Celeste balanced the platters on her arm and reached for a pitcher of fruit punch. “I hope it’s over soon.”
“Don’t we all?”
The din of conversation rising over the music from the phonograph assaulted her ears as she emerged into the main room of the Canteen.
The noise in here is awful. I’m too used to being home where it’s quiet.
She skirted a couple dancing on the fringes of the floor and slid the plates into an empty space on the table.
“Hello, Velvet.”
She barely righted the pitcher before its contents could drench the tablecloth.
“Kent.”
His looked thinner, his face pinched and pale. She noticed the lieutenant’s bars on his uniform and a ribbon she didn’t recognize on his left pocket.
“How are you?” he asked as she stared, unable to take her eyes from his face.
She swallowed twice before she could speak. “All right.”
“I wasn’t sure you’d be here.”
“I don’t come anymore since…” She stopped and started over. “Mrs. Lowe needed me to fill in tonight.”
“Is our table still over in the corner?”
“I’m not sure.” She tried to see across the packed the dance floor. “Maybe there’s one somewhere.”
His touch, when he cupped her elbow to guide her through the crowd, sparked feelings she’d tried to forget. He pulled out a chair for her and sat down across the table. “You look different.”
“Older, anyway.”
“What are you now? Twenty-three? Twenty-four?”
“Twenty-four next April.”
“How’s your family?”
“Everyone’s doing well. Barbara’s growing like a weed. One week she wants to be a movie star, and the next she wants to be a cowgirl.”

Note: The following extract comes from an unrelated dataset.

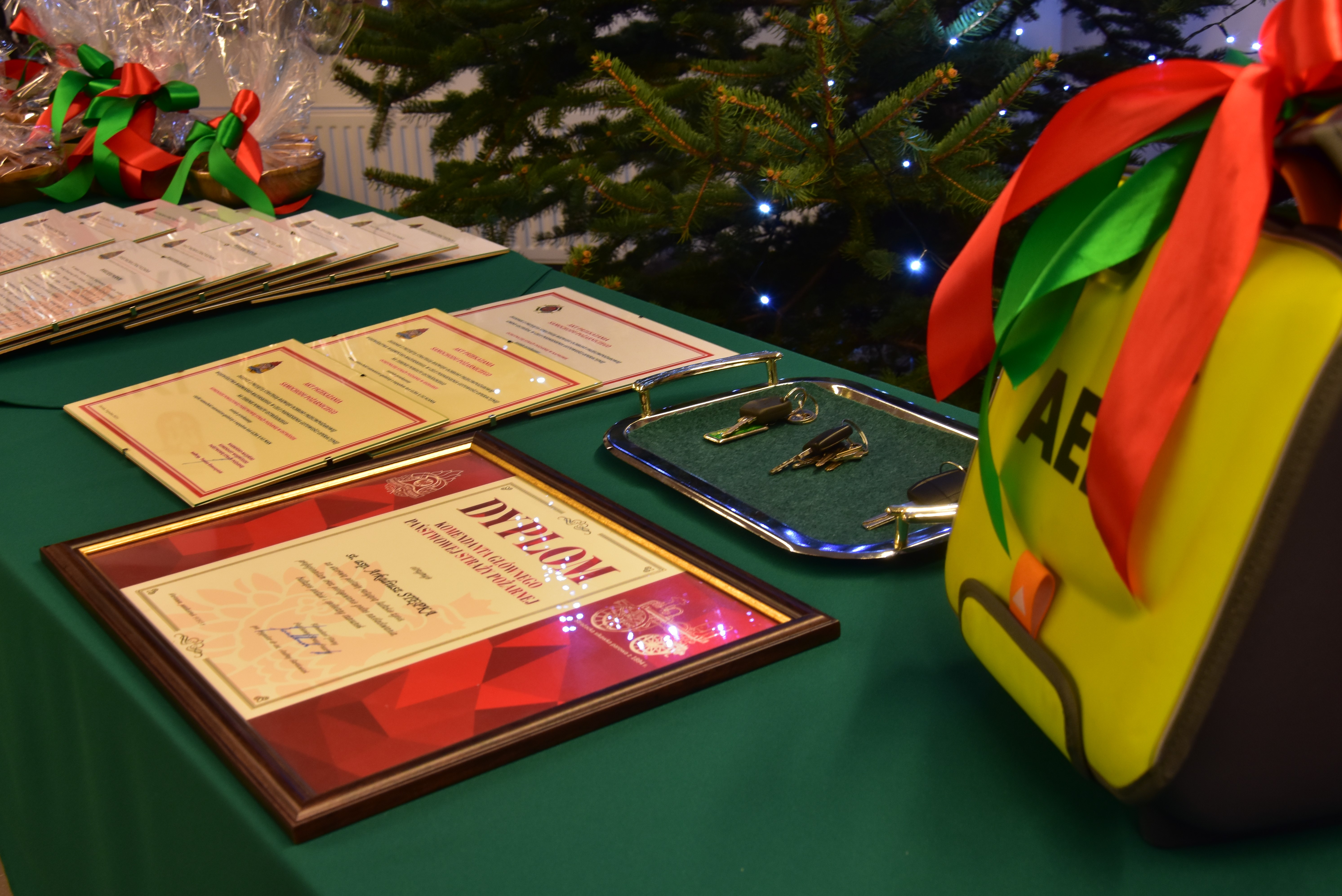 Uroczysta zbiórka była również okazją do wręczenia wyróżnienia. St. asp. Arkadiusz Stępka otrzymał Dyplom Komendanta Głównego PSP, za wzorową postawę ratującą ludzkie życie w czasie wolnym od służby.

“I guess you still go to the ranch on holidays.”
“Yes.”
“Still work at Woolworth?”
She nodded.
“How do you manage with…”
“I worked things out.”
“Your hair is different.”
“I cut it a little. Easier to take care of.”

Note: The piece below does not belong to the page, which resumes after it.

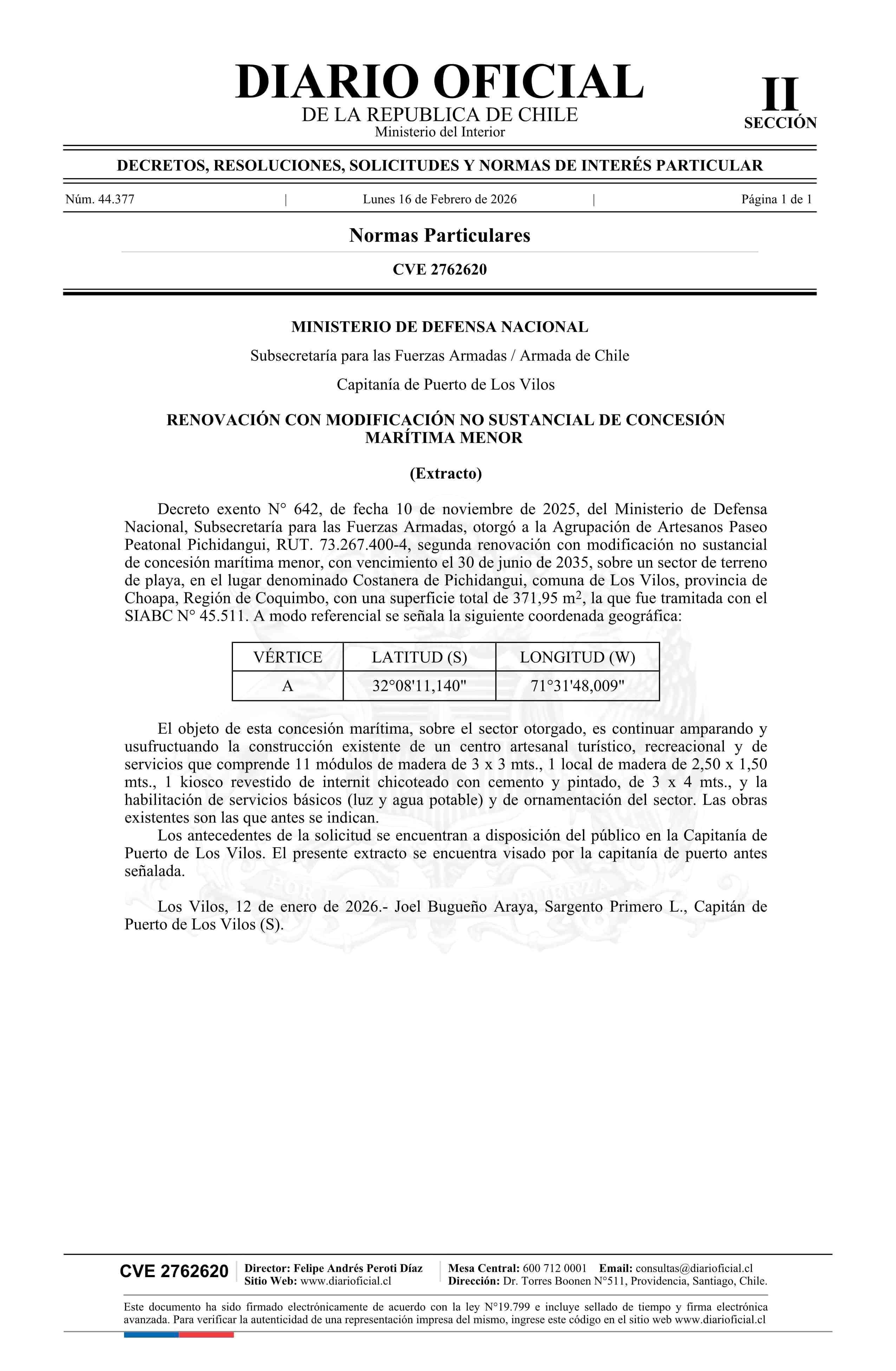 | Título: | Extracto de decreto exento número 642, de 2025.- Renovación con modificación no sustancial de concesión marítima menor |

He glanced away, then back. “I’ve been reassigned to Concho Field.”
She digested the information she wished she hadn’t heard. “I’m glad you’re not going back.”
“Had two planes shot out from under me. Luckily, the second one made it to the Channel before the last engine quit. We got wet, but we all got out in one piece.”
“Oh, Kent, how awful for you.”
He shrugged. “I’m alive. Lost a lot of buddies, though.”
“Pete Frame is dead,” she said, choking on the words she’d never actually voiced. “My high school date. We ran into each other when he was home on leave, before he went overseas. He married a girl in Virginia.” She hesitated. “He never saw his son.”
“Too bad.”
“Yes, it is. She wrote to me. Alice. His wife.”
“The English girls came to the base for dances sometimes. They were nice, but they weren’t you.”
She didn’t reply.
“I looked at your picture every chance I got. The one you had made in that blue velvet dress. Do you still have it?”
“Yes, but I don’t wear it.”
“Not in style?”
“Right. Out of date.”
“You have your eye on something newer?”
“Not exactly. The dress stood for something then, a new direction in my life, a change I wanted to make.”
“You’ve made a lot of changes, I guess.”
“I’ve had to.”
“Yeah.” He looked around again. “Want to dance?”
“Maybe we shouldn’t.”
“I need to hold you, Velvet. All I’ve thought about for the last few months, since I knew I was coming home, was holding you in my arms. Sometimes I’d go to bed at night and actually feel you.”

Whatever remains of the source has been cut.